| WORK REQUEST |
Output every record verbatim, and omit each picture.

*** DATA SUPPLIED Section Begins ***

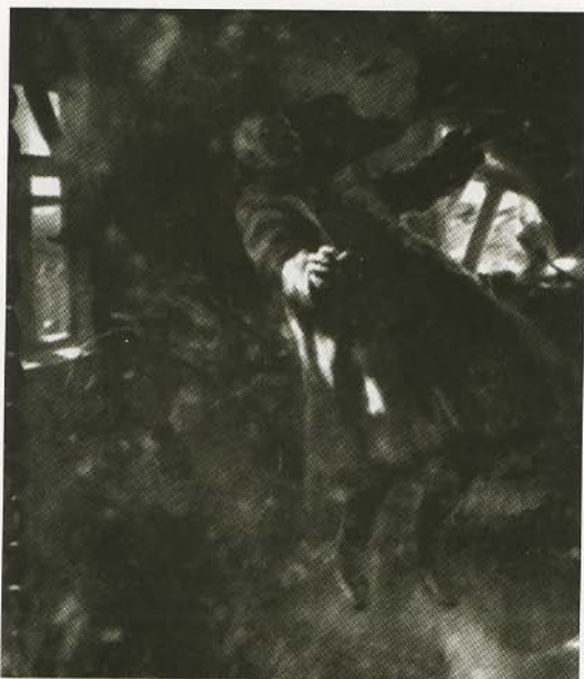
Смерть генерала Корнилова. Картина неизвестного художника, составлявшая центр экспозиции передвижной выставки, посвященной памяти Л. Г. Корнилова. 1919.
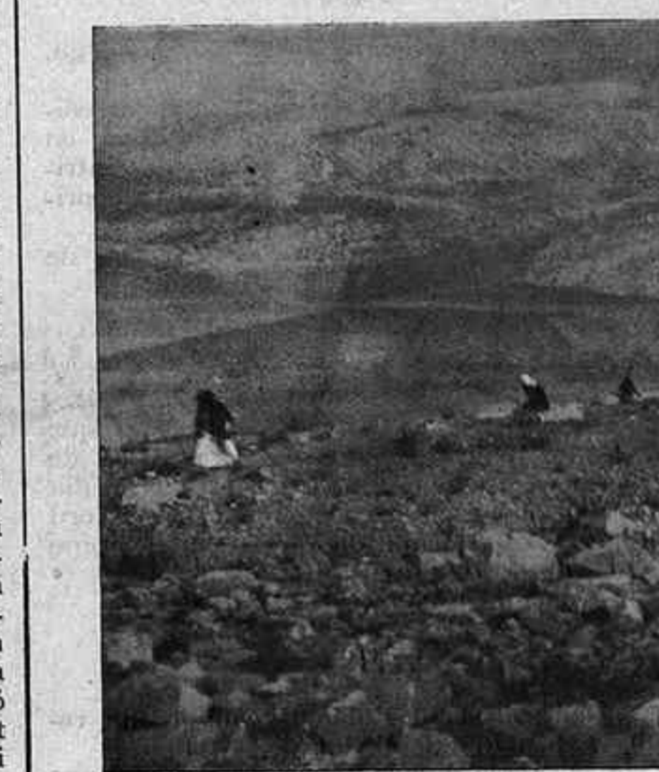
Autèntica vista d'un grup d'àrabs llançant-se a l'atac

per a dir que estem sotmesos, però ningú no negarà que és la renúncia a ésser l'amo en casa pròpia.
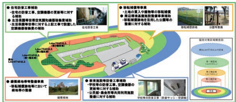
●空港周辺環境対策事業 概要図

なお、空港と周辺地域において、環境の保全及び良好な環境の創造に向け、エコエアポート・ガイドラインに基づき、空港において航空機用地上動力設備（GPU）の導入支援など環境負荷軽減に向けた取り組みを推進しています。
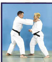
Mae-kubi-dori Saisie à deux mains au cou
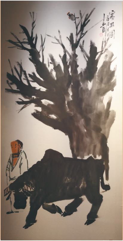
邢少臣的作品《寒林图》。
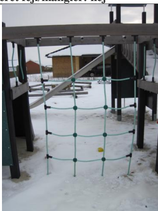
Redskab: Klatre Årgang: 2008 Producent: Ludus Er redskabet mærket: ja Er der registreret fejl/mangler: nej
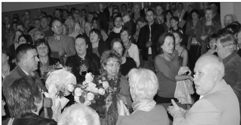
Podczas wręczania kwiatów były tży wzruszenia
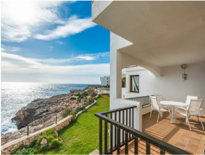
Atemberaubende Lage in erster Meereslinie
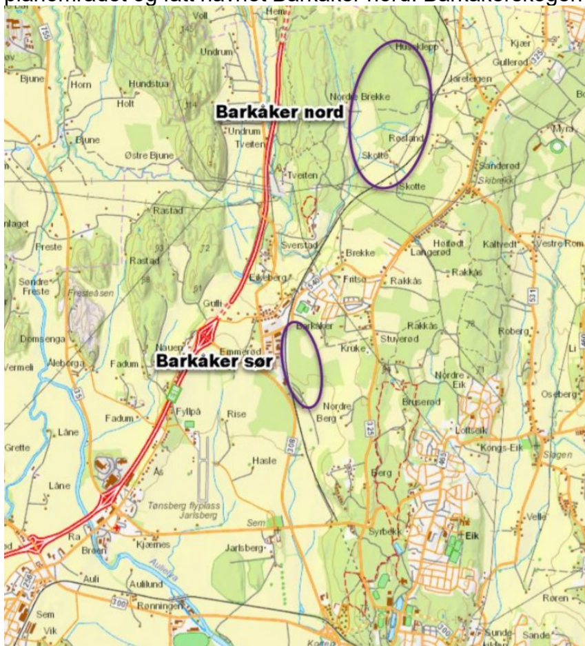
Figur 3: Alternativer som skal utredes.

I varsel om planoppstart er Brekkeskogen og Skottebakken slått sammen til et planområdet og fått navnet Barkåker nord. Barkåkerskogen er benevnt som Barkåker sør.
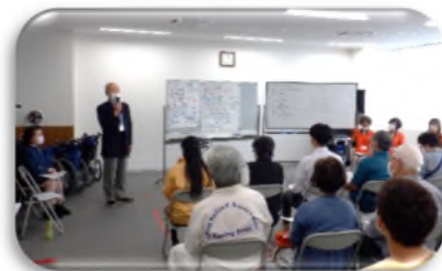
↑ ボランティア入門講座開催の様子
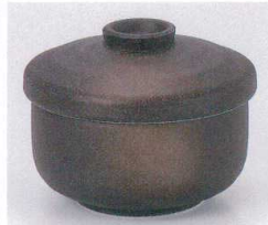
テ111-30 備前風大むし碗 φ10.4×8cm 850円
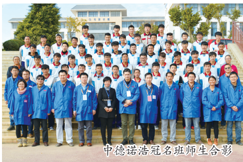
中德诺浩冠名班师生合影
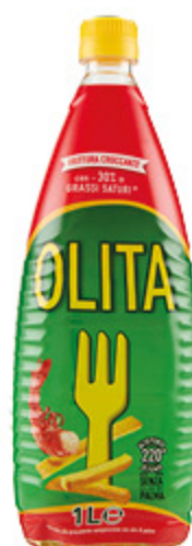
OLIO DI SEMI DI GIRASOLE OLITA 1L
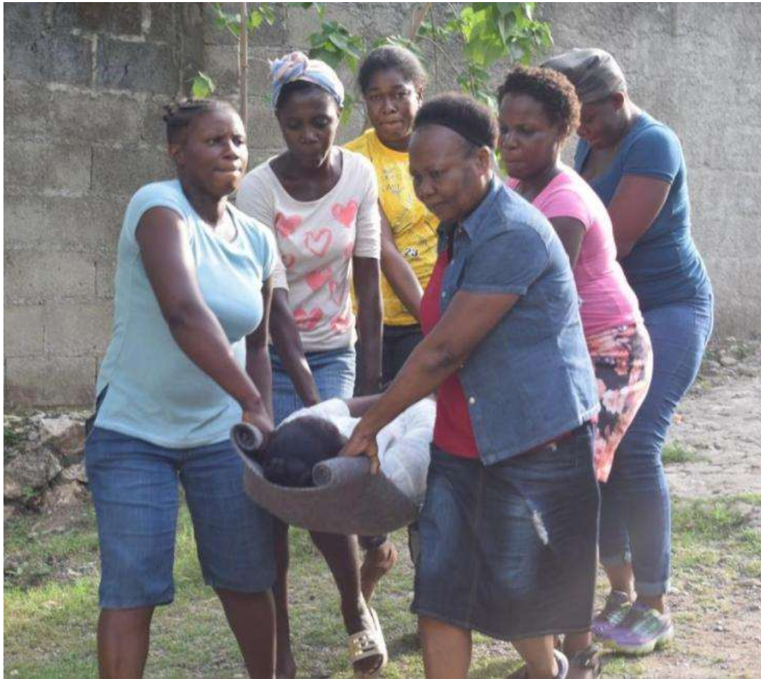
Femmes Leaders – Exercices pratiques premiers soins (Camp Louise, Nord)

*** DATA SUPPLIED Section Ends ***

| REPLY TO THE TASK |
Смерть генерала Корнилова. Картина неизвестного художника, составлявшая центр экспозиции передвижной выставки, посвященной памяти Л. Г. Корнилова. 1919.
Autèntica vista d'un grup d'àrabs llançant-se a l'atac

per a dir que estem sotmesos, però ningú no negarà que és la renúncia a ésser l'amo en casa pròpia.
●空港周辺環境対策事業 概要図

なお、空港と周辺地域において、環境の保全及び良好な環境の創造に向け、エコエアポート・ガイドラインに基づき、空港において航空機用地上動力設備（GPU）の導入支援など環境負荷軽減に向けた取り組みを推進しています。
Mae-kubi-dori Saisie à deux mains au cou
邢少臣的作品《寒林图》。
Redskab: Klatre Årgang: 2008 Producent: Ludus Er redskabet mærket: ja Er der registreret fejl/mangler: nej
Podczas wręczania kwiatów były tży wzruszenia
Atemberaubende Lage in erster Meereslinie
Figur 3: Alternativer som skal utredes.

I varsel om planoppstart er Brekkeskogen og Skottebakken slått sammen til et planområdet og fått navnet Barkåker nord. Barkåkerskogen er benevnt som Barkåker sør.
↑ ボランティア入門講座開催の様子
テ111-30 備前風大むし碗 φ10.4×8cm 850円
中德诺浩冠名班师生合影
OLIO DI SEMI DI GIRASOLE OLITA 1L
Femmes Leaders – Exercices pratiques premiers soins (Camp Louise, Nord)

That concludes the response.